Очень эффектно вообразить, что вдруг бы все невинно-оскорблённые миллионы стали бы повально кончать самоубийством, досаждая правительству двояко: и доказательством своей правоты и лишением даровой рабочей силы. И вдруг бы правительство размягчилось? И стало бы жалеть своих подданных?… Едва ли. Сталина бы это не остановило, он занял бы с воли ещё миллионов двадцать.

Но не было этого! Люди умирали сотнями тысяч и миллионами, доведённые уж кажется до крайней крайности, — а самоубийств почему-то не было. Обречённые на уродливое существование, на голодное истощение, на чрезмерный труд — не кончали с собой!

И, раздумавшись, я нашёл такое доказательство более сильным. Самоубийца — всегда банкрот, это всегда — человек в тупике, человек, проигравший жизнь и не имеющий воли для продолжения её. Если же эти миллионы беспомощных жалких тварей всё же не кончали с собой — значит жило в них какое-то непобедимое чувство. Какая-то сильная мысль.

Это было чувство всеобщей правоты. Это было ощущение народного испытания — подобного татарскому игу.

* * *

Но если не в чем раскаиваться — о чём, о чём всё время думает арестант? "Сума да тюрьма — дадут ума". Дадут. Только — куда его направят?

Так было у многих, не у одного меня.
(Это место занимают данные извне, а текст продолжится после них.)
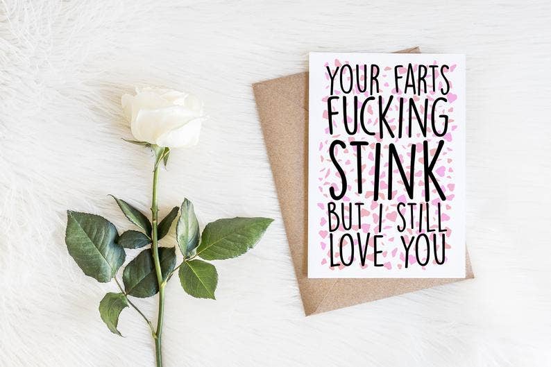 Have a gassy partner? Tell them just how much you love them despite their smelly noxious gas with this hilarious card.

Наше первое тюремное небо — были чёрные клубящиеся тучи и чёрные столбы извержений, это было небо Помпеи, небо Судного дня, потому что арестован был не кто-нибудь, а Я — средоточие этого мира.
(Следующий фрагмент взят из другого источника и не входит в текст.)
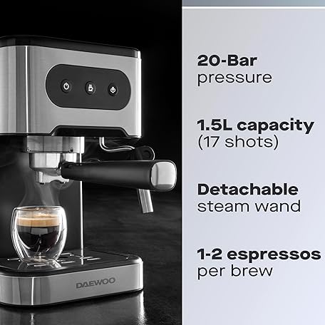 Sản phẩm Daewoo 20bar Espresso Coffee Maker With Steam Wand, Barista Quality Coffee, For Ground Coffee đang được bán với giá ưu đãi là $116.0414 tại nước Anh.

Наше последнее тюремное небо было бездонно-высокое, бездонно-ясное, даже к белому от голубого.

Начинаем мы все (кроме верующих) с одного: хватаемся рвать волосы с головы — да она острижена наголо!.. Как мы могли?! Как не видели наших доносчиков? Как не видели наших врагов? (И ненависть к ним! и как им отомстить?) И какая неосторожность! слепость! сколько ошибок! Как исправить? Скорей исправлять! Надо написать… надо сказать… надо передать…

Но — ничего не надо. И ничто не спасёт. В положенный срок мы подписываем 206-ю статью, в положенный — выслушиваем очный приговор трибунала или заочный — ОСО.
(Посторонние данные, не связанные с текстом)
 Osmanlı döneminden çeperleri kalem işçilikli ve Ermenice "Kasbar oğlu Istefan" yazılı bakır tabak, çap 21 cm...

Начинается полоса пересылок. Вперемежку с мыслями о будущем лагере мы любим теперь вспоминать наше прошлое: как хорошо мы жили! (Даже если плохо). Но сколько неиспользованных возможностей! Сколько неизмятых цветов!.. Когда теперь это наверстать?… Если я доживу только — о, как по-новому, как умно я буду жить! День будущего освобождения? — он лучится как восходящее солнце!

И вывод: дожить до него! дожить! любой ценой!

Это просто словесный оборот, это привычка такая: "любой ценой".